- [Entries taken from a collection]:
********************
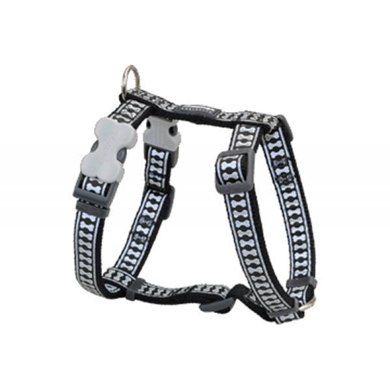 Red Dingo 15mm Reflektörlü Kemik Desenli Siyah Göğüs Tasması | Köpek Göğüs Tasması
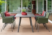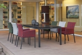 Der Artus Barstuhl gleicht in seiner Optik und Haptik Innenmöbeln und ist kombiniert mit den notwendigen Eigenschaften für den dauerhaften Einsatz im Außenbereich geeignet. Der melierte Stoff gibt dem Sessel eine zusätzliche Eleganz.
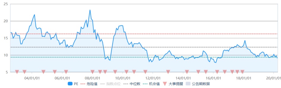 图:2004-2020,恒指PE,当前PE接近2009年低点 来源WIND
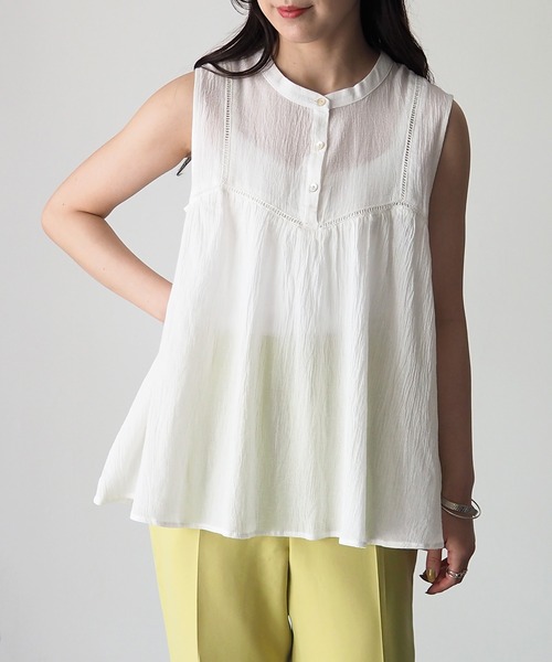 【Riberry ハシゴレースノースリギャザーブラウス】 レース使いがアクセントの夏にサラッと着られるノースリブラウス ■Styling 1枚ではもちろんカーデやシャツなど羽織ものとの相性も抜群。 デニムとの大人カジュアルなスタイリングはもちろん、 スカートと合わせたワンピースライクな着こなしもおすすめです☆ ■Detail ふわっと広がる裾が女性らしいコーディネートを演出してくれます。 ボディラインを拾わないシルエットがうれしいポイント◎ ■Material 綿100%でサラッとした着心地です。 裏地:なし 透け感:あり 伸縮性:なし 生地の厚さ:普通~薄い 【Information】 ◆《お気に入り登録》がオススメ◆ ・「商品のお気に入り登録」で再入荷通知や、ラストの通知、セール通知も受け取ることが出来ます。 ・「ブランドのお気に入り登録」で新商品や再入荷など、お得な情報を受け取ることが出来ます。 ※撮影時のライティング、ご覧になっているモニター・PC環境により、実際の商品と色味が異なって見える場合がございます。 予めご了承をお願い致します。 ※ご注文いただいた予約商品のお届け時期の確認は、注文履歴ページより行えます。 ※他のキャンペーンにより、期間中に価格が変動する場合があります。 ※セールは予告なく終了させていただく場合もあります。 ※ご注文いただいた予約商品のお届け時期の確認は、注文履歴ページより行えます。
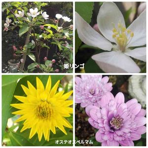 姫リンゴ 徐々に咲きだしてます。 咲いたのから受粉しました😊 オステオスペルマム八重 黄色は去年のを挿し芽したのです。 ピンクは2年目の株です。 おはようございますm(_ _)m 今日は☀マークです。
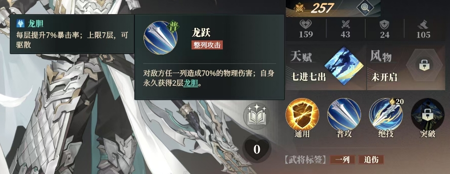 赵云的普攻名为龙跃,这一整列攻击技能能够对敌方任意一列造成高达70%的物理伤害,同时就算是普攻,大家也可以看到用这个技能的时候赵云自身永久享有两层龙胆效果加持,每层龙胆都能为他带来7%的暴击率提升,且最多可叠加至七层,此效果可被驱散,所以他的普攻其实相比别人简单的输出动作而言都要强上一些。
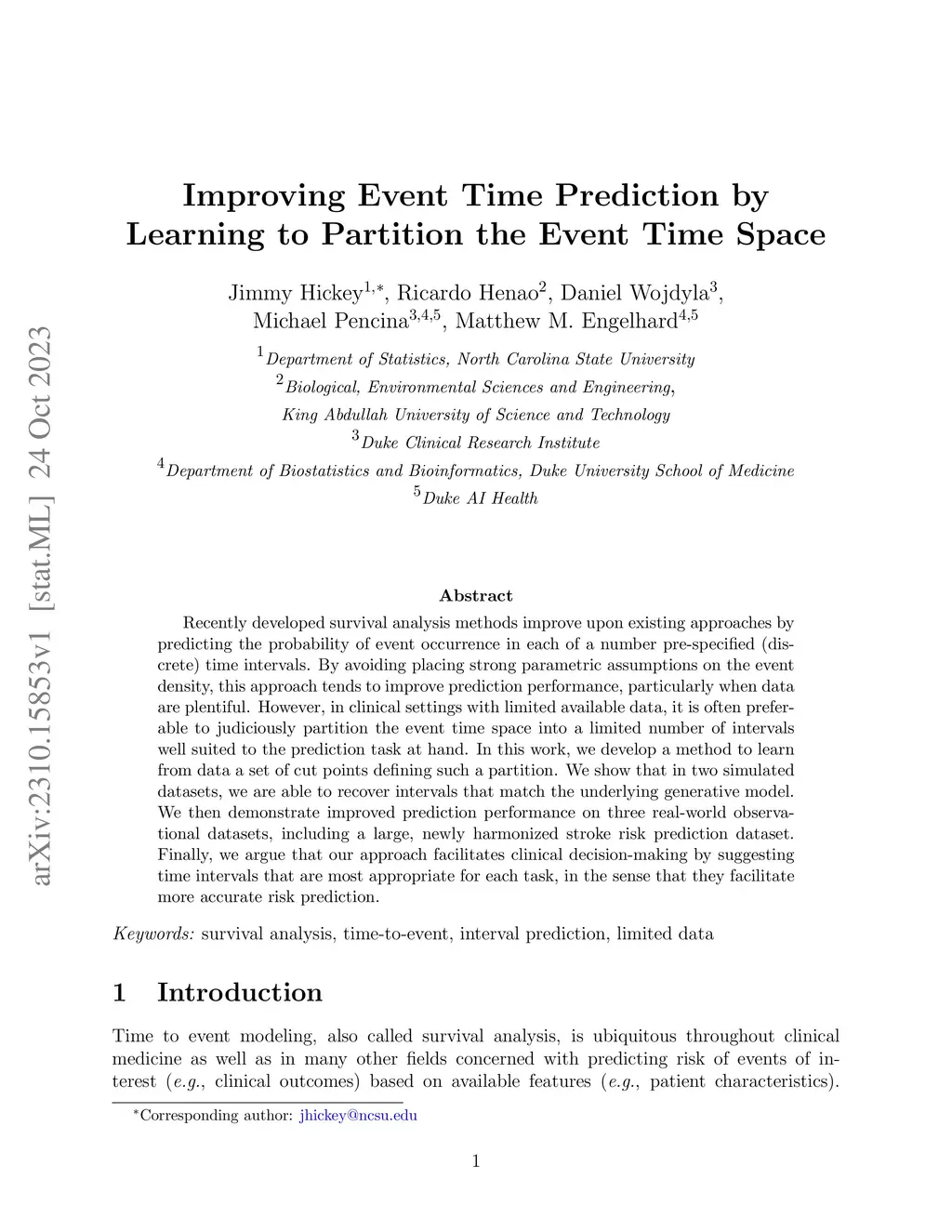 Recently developed survival analysis methods improve upon existing approaches by predicting the probability of event occurrence in each of a number pre-specified (discrete) time intervals. By avoiding placing strong parametric assumptions on the event density, this approach tends to improve prediction performance, particularly when data are plentiful. However, in clinical settings with limited available data, it is often preferable to judiciously partition the event time space into a limited number of intervals well suited to the prediction task at hand. In this work, we develop a method to learn from data a set of cut points defining such a partition. We show that in two simulated datasets, we are able to recover intervals that match the underlying generative model. We then demonstrate improved prediction performance on three real-world observational datasets, including a large, newly harmonized stroke risk prediction dataset. Finally, we argue that our approach facilitates clinical decision-making by suggesting time intervals that are most appropriate for each task, in the sense that they facilitate more accurate risk prediction.
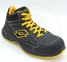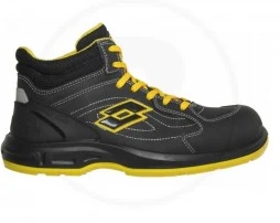 Zapatilla caña alta de Seguridad Sportiva, certificado bajo norma IRAM 3610, confeccionado con cuero vacuno nobuck + tejido poliester + tpu + reflectivo, Negro/Amarillo.
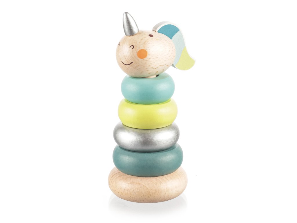Drevené jednorožcové krúžky pre deti od 16 mesiacov.
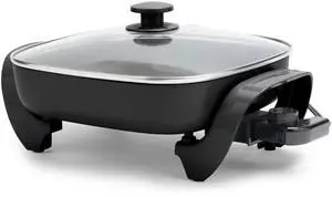 6203# Extra Deep 16"x13"x3.2" (10.5Qt.) Scratch Resistant, Easy Pour Spout Dishwasher Safe, Non-stick Electric Skillet with Glass Vented Lid, Adjustable Temperature, Black
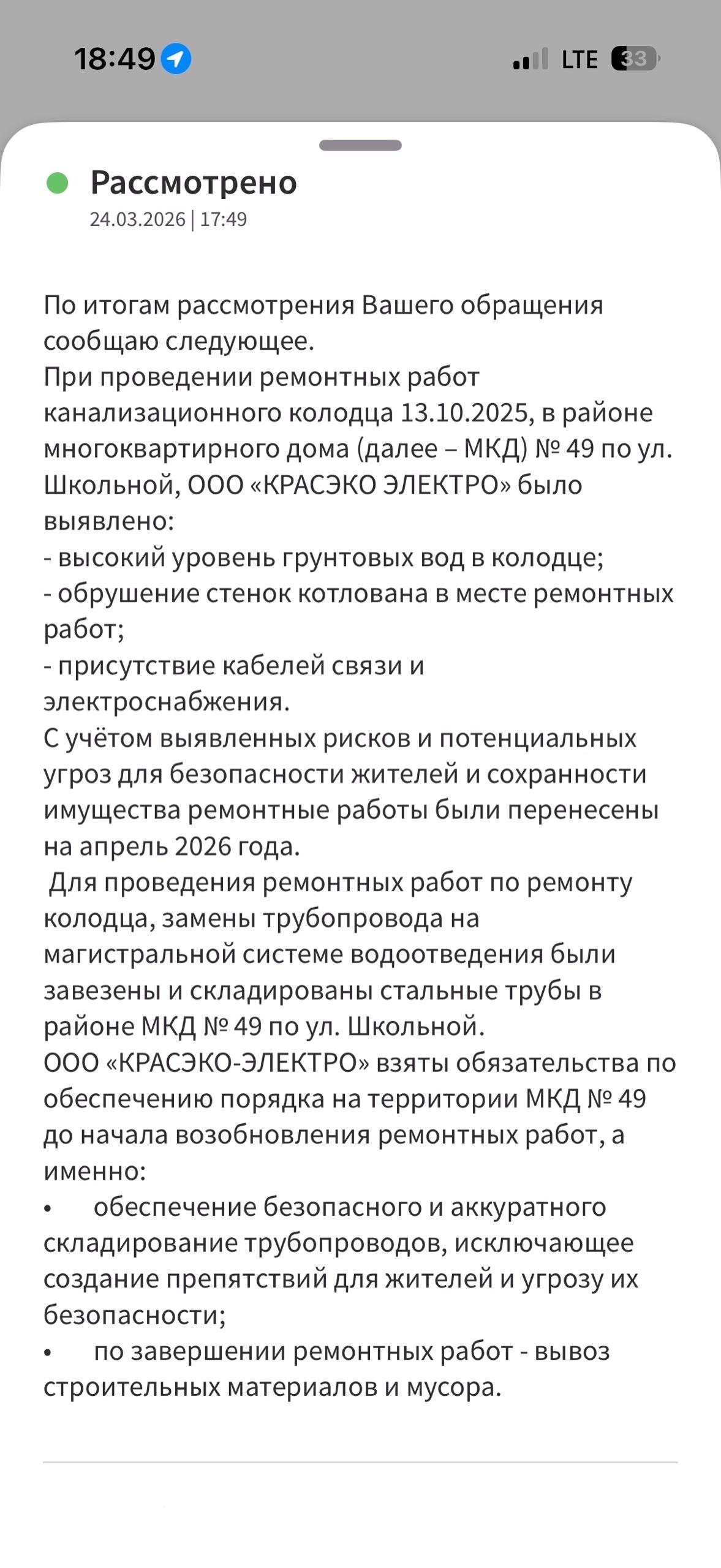 Согласно ответу на обращение через «Госуслуги», проблемы на этом участке начались в октябре 2025 года. Подрядчик ООО «Красэко Электро» при ремонте канализационного колодца обнаружил высокий уровень грунтовых вод, обрушение стенок котлована и наличие кабелей связи и электроснабжения. Ремонтные работы были перенесены на апрель 2026 года.
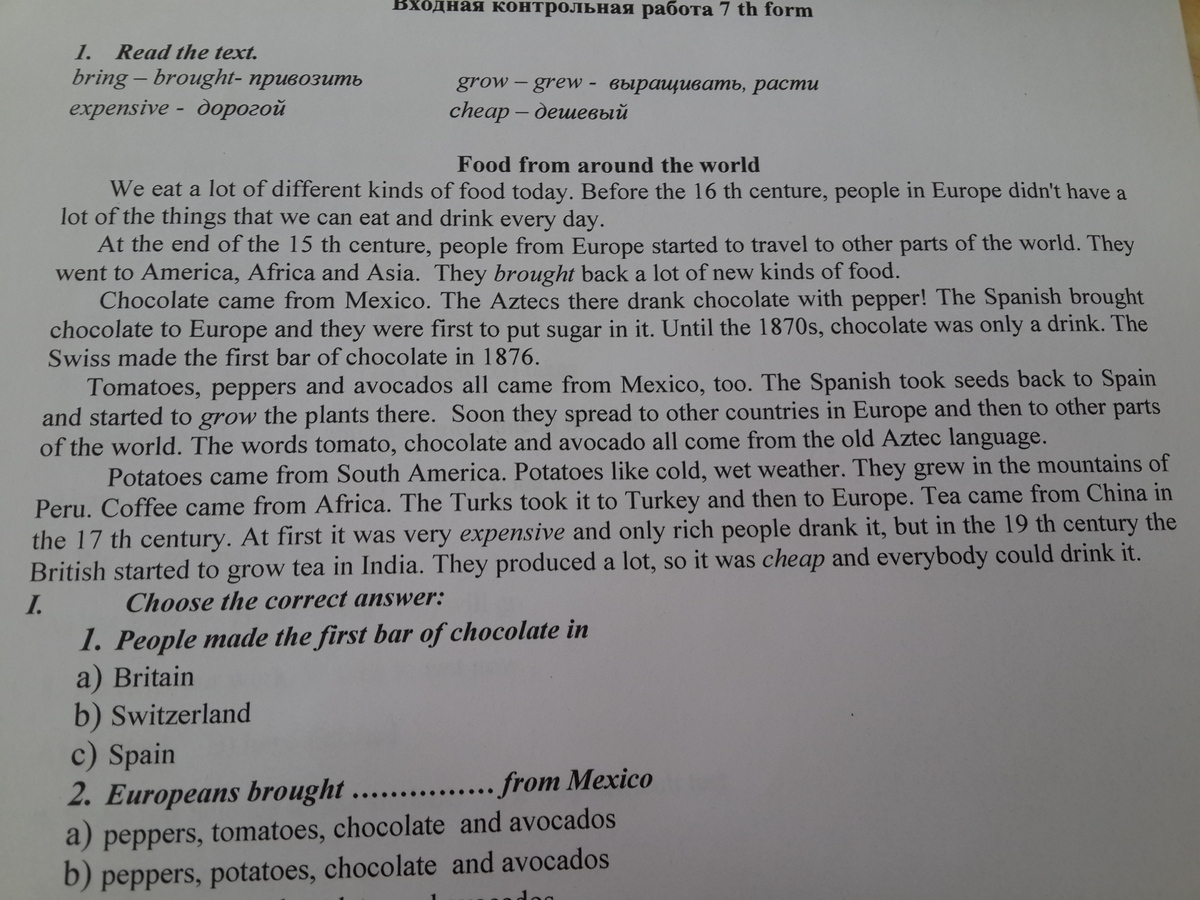 Картошка пришла к нам из Южной Америки. Картофель любит холодную, влажную погоду. Они растут в горах в Перу. Кофе пришел из Африки. Турки привезли его в Турцию и потом во всю Европу. Чай пришел из Китая в 17 веке. Сначала он был очень дорогим, и только богачи его пили, но в 19 веке Британцы начали растить его в Индии. Они производили его много, и чай стал дешевым продуктом, и каждый мог его выпить.
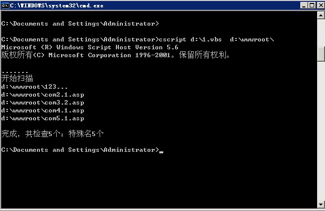 cscript d:\1.vbs d:\wwwroot\ftp名\ 然后按回车键即可。(后面d:\wwwroot\ftp名\是实际需要扫描的路径)
********************
- [EXERCISE OBJECTIVE]: For each line above, output its wording exactly and leave out any picture.

- [ANSWER TO THIS EXERCISE]:
 Red Dingo 15mm Reflektörlü Kemik Desenli Siyah Göğüs Tasması | Köpek Göğüs Tasması
 Der Artus Barstuhl gleicht in seiner Optik und Haptik Innenmöbeln und ist kombiniert mit den notwendigen Eigenschaften für den dauerhaften Einsatz im Außenbereich geeignet. Der melierte Stoff gibt dem Sessel eine zusätzliche Eleganz.
 图:2004-2020,恒指PE,当前PE接近2009年低点 来源WIND
 【Riberry ハシゴレースノースリギャザーブラウス】 レース使いがアクセントの夏にサラッと着られるノースリブラウス ■Styling 1枚ではもちろんカーデやシャツなど羽織ものとの相性も抜群。 デニムとの大人カジュアルなスタイリングはもちろん、 スカートと合わせたワンピースライクな着こなしもおすすめです☆ ■Detail ふわっと広がる裾が女性らしいコーディネートを演出してくれます。 ボディラインを拾わないシルエットがうれしいポイント◎ ■Material 綿100%でサラッとした着心地です。 裏地:なし 透け感:あり 伸縮性:なし 生地の厚さ:普通~薄い 【Information】 ◆《お気に入り登録》がオススメ◆ ・「商品のお気に入り登録」で再入荷通知や、ラストの通知、セール通知も受け取ることが出来ます。 ・「ブランドのお気に入り登録」で新商品や再入荷など、お得な情報を受け取ることが出来ます。 ※撮影時のライティング、ご覧になっているモニター・PC環境により、実際の商品と色味が異なって見える場合がございます。 予めご了承をお願い致します。 ※ご注文いただいた予約商品のお届け時期の確認は、注文履歴ページより行えます。 ※他のキャンペーンにより、期間中に価格が変動する場合があります。 ※セールは予告なく終了させていただく場合もあります。 ※ご注文いただいた予約商品のお届け時期の確認は、注文履歴ページより行えます。
 姫リンゴ 徐々に咲きだしてます。 咲いたのから受粉しました😊 オステオスペルマム八重 黄色は去年のを挿し芽したのです。 ピンクは2年目の株です。 おはようございますm(_ _)m 今日は☀マークです。
 赵云的普攻名为龙跃,这一整列攻击技能能够对敌方任意一列造成高达70%的物理伤害,同时就算是普攻,大家也可以看到用这个技能的时候赵云自身永久享有两层龙胆效果加持,每层龙胆都能为他带来7%的暴击率提升,且最多可叠加至七层,此效果可被驱散,所以他的普攻其实相比别人简单的输出动作而言都要强上一些。
 Recently developed survival analysis methods improve upon existing approaches by predicting the probability of event occurrence in each of a number pre-specified (discrete) time intervals. By avoiding placing strong parametric assumptions on the event density, this approach tends to improve prediction performance, particularly when data are plentiful. However, in clinical settings with limited available data, it is often preferable to judiciously partition the event time space into a limited number of intervals well suited to the prediction task at hand. In this work, we develop a method to learn from data a set of cut points defining such a partition. We show that in two simulated datasets, we are able to recover intervals that match the underlying generative model. We then demonstrate improved prediction performance on three real-world observational datasets, including a large, newly harmonized stroke risk prediction dataset. Finally, we argue that our approach facilitates clinical decision-making by suggesting time intervals that are most appropriate for each task, in the sense that they facilitate more accurate risk prediction.
 Zapatilla caña alta de Seguridad Sportiva, certificado bajo norma IRAM 3610, confeccionado con cuero vacuno nobuck + tejido poliester + tpu + reflectivo, Negro/Amarillo.
Drevené jednorožcové krúžky pre deti od 16 mesiacov.
 6203# Extra Deep 16"x13"x3.2" (10.5Qt.) Scratch Resistant, Easy Pour Spout Dishwasher Safe, Non-stick Electric Skillet with Glass Vented Lid, Adjustable Temperature, Black
 Согласно ответу на обращение через «Госуслуги», проблемы на этом участке начались в октябре 2025 года. Подрядчик ООО «Красэко Электро» при ремонте канализационного колодца обнаружил высокий уровень грунтовых вод, обрушение стенок котлована и наличие кабелей связи и электроснабжения. Ремонтные работы были перенесены на апрель 2026 года.
 Картошка пришла к нам из Южной Америки. Картофель любит холодную, влажную погоду. Они растут в горах в Перу. Кофе пришел из Африки. Турки привезли его в Турцию и потом во всю Европу. Чай пришел из Китая в 17 веке. Сначала он был очень дорогим, и только богачи его пили, но в 19 веке Британцы начали растить его в Индии. Они производили его много, и чай стал дешевым продуктом, и каждый мог его выпить.
 cscript d:\1.vbs d:\wwwroot\ftp名\ 然后按回车键即可。(后面d:\wwwroot\ftp名\是实际需要扫描的路径)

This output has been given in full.